Using the data below, transcribe exactly everything from the line that contains "Pastillien annostelija luottokortin" down to the line that contains "Roman gray sweater". Include both of those lines and none of the pictures.
-- Exercise data follows --
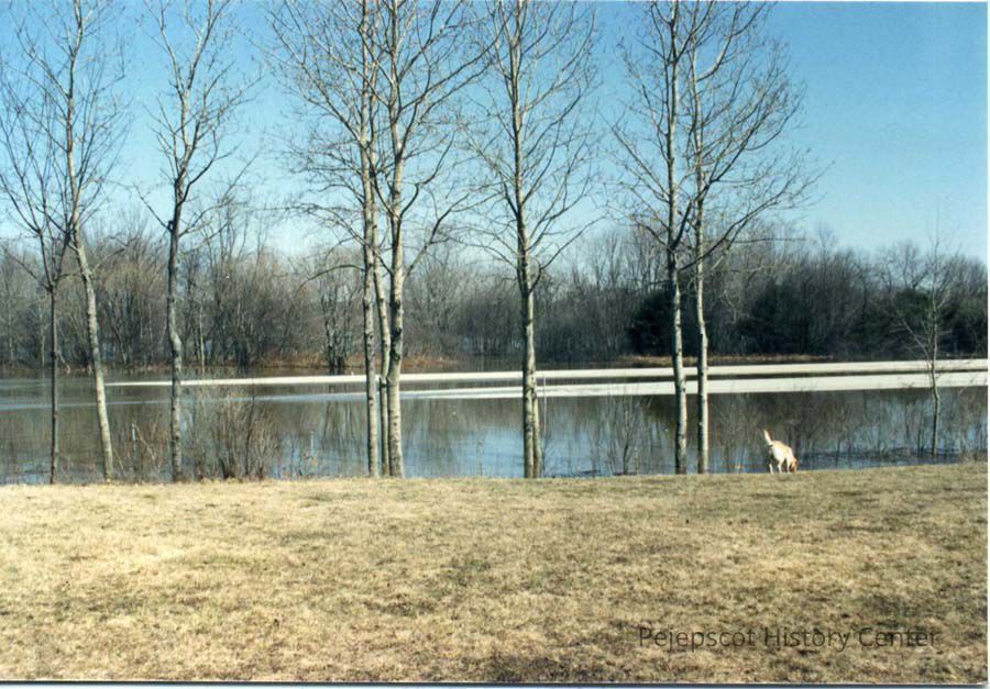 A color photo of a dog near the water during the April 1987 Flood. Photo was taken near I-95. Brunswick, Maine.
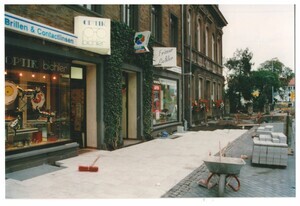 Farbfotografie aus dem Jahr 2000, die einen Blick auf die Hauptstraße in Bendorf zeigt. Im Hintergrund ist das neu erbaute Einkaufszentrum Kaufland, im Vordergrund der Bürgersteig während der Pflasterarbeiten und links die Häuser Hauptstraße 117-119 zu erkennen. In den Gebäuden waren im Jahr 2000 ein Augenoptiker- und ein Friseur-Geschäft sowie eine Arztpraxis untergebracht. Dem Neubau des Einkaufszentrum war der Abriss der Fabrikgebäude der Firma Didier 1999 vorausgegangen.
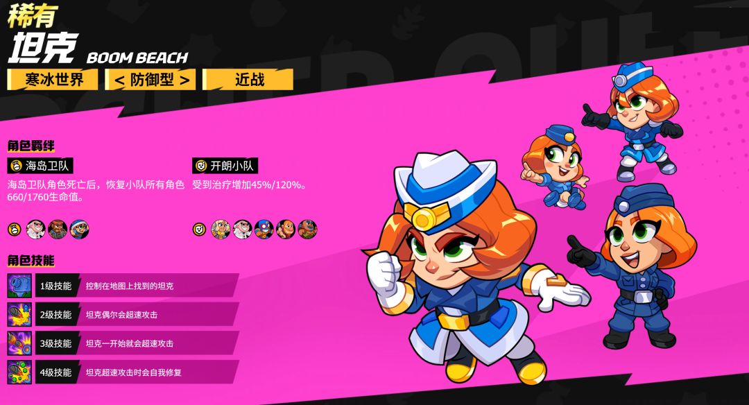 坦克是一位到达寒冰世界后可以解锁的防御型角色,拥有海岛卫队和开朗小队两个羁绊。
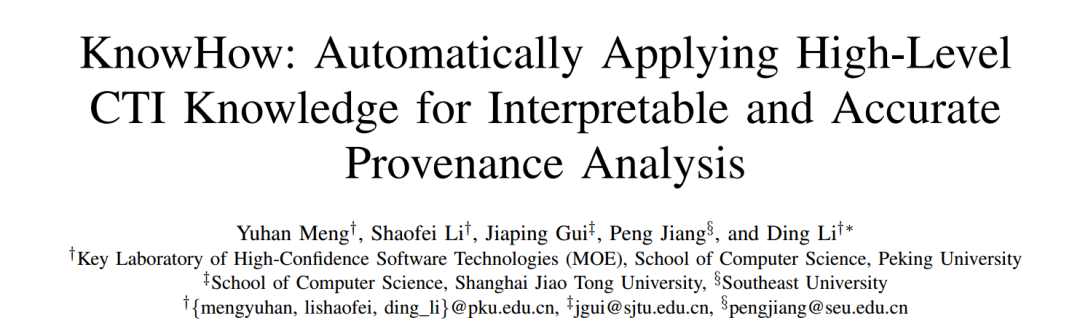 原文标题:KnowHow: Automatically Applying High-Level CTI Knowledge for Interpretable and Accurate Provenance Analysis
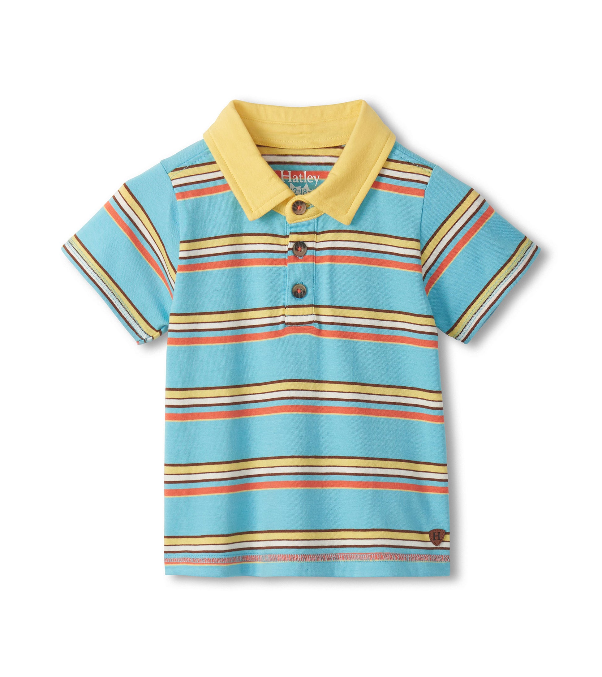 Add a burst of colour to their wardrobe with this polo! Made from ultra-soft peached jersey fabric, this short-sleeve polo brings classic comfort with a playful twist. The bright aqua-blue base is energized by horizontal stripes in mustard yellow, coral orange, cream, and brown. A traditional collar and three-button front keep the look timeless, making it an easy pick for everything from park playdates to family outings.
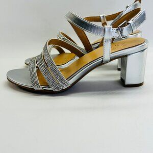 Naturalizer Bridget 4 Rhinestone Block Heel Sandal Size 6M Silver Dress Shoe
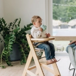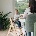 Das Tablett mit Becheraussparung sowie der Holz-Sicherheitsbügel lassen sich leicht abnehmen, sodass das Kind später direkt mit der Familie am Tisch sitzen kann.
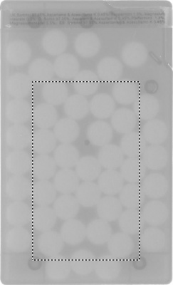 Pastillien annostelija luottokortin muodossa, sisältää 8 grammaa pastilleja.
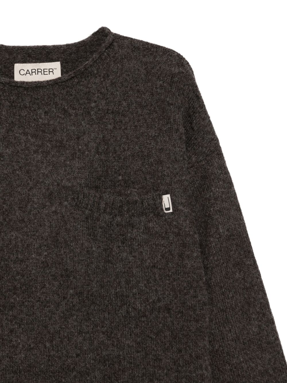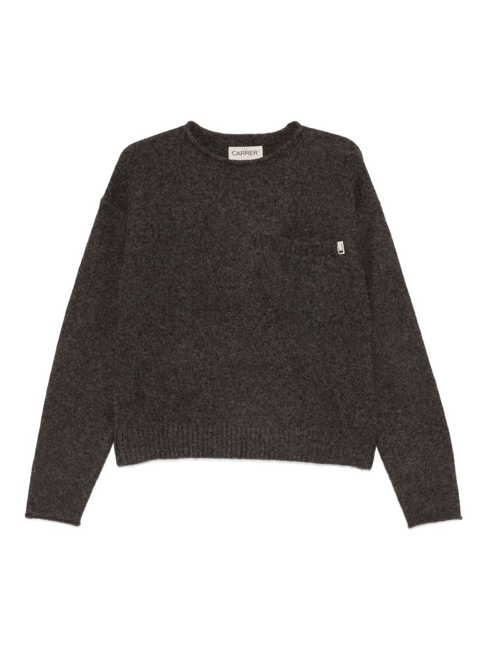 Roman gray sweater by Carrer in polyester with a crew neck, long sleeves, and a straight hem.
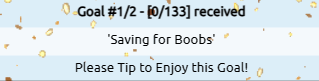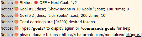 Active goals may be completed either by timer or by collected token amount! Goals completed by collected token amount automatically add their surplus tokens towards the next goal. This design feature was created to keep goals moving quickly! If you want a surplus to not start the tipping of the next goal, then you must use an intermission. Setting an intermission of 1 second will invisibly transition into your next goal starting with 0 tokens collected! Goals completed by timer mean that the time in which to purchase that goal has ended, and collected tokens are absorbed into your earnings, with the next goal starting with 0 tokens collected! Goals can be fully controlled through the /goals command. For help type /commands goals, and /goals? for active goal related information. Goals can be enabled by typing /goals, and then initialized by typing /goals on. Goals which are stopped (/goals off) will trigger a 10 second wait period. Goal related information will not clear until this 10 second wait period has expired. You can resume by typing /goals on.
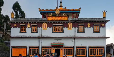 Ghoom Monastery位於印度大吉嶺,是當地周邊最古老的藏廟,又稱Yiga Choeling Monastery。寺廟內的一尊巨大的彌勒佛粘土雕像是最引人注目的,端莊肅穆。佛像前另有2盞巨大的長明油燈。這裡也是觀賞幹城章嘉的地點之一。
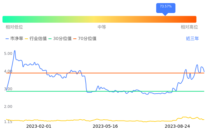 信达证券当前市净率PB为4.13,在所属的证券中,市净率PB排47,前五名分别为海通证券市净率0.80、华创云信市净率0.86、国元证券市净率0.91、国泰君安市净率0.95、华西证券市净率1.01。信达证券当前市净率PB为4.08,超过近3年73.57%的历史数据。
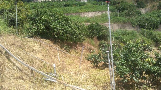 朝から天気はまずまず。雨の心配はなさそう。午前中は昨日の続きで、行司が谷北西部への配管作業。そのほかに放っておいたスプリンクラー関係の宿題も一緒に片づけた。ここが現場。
-- Exercise data concluded --
_Task output_:
 Pastillien annostelija luottokortin muodossa, sisältää 8 grammaa pastilleja.
 Roman gray sweater by Carrer in polyester with a crew neck, long sleeves, and a straight hem.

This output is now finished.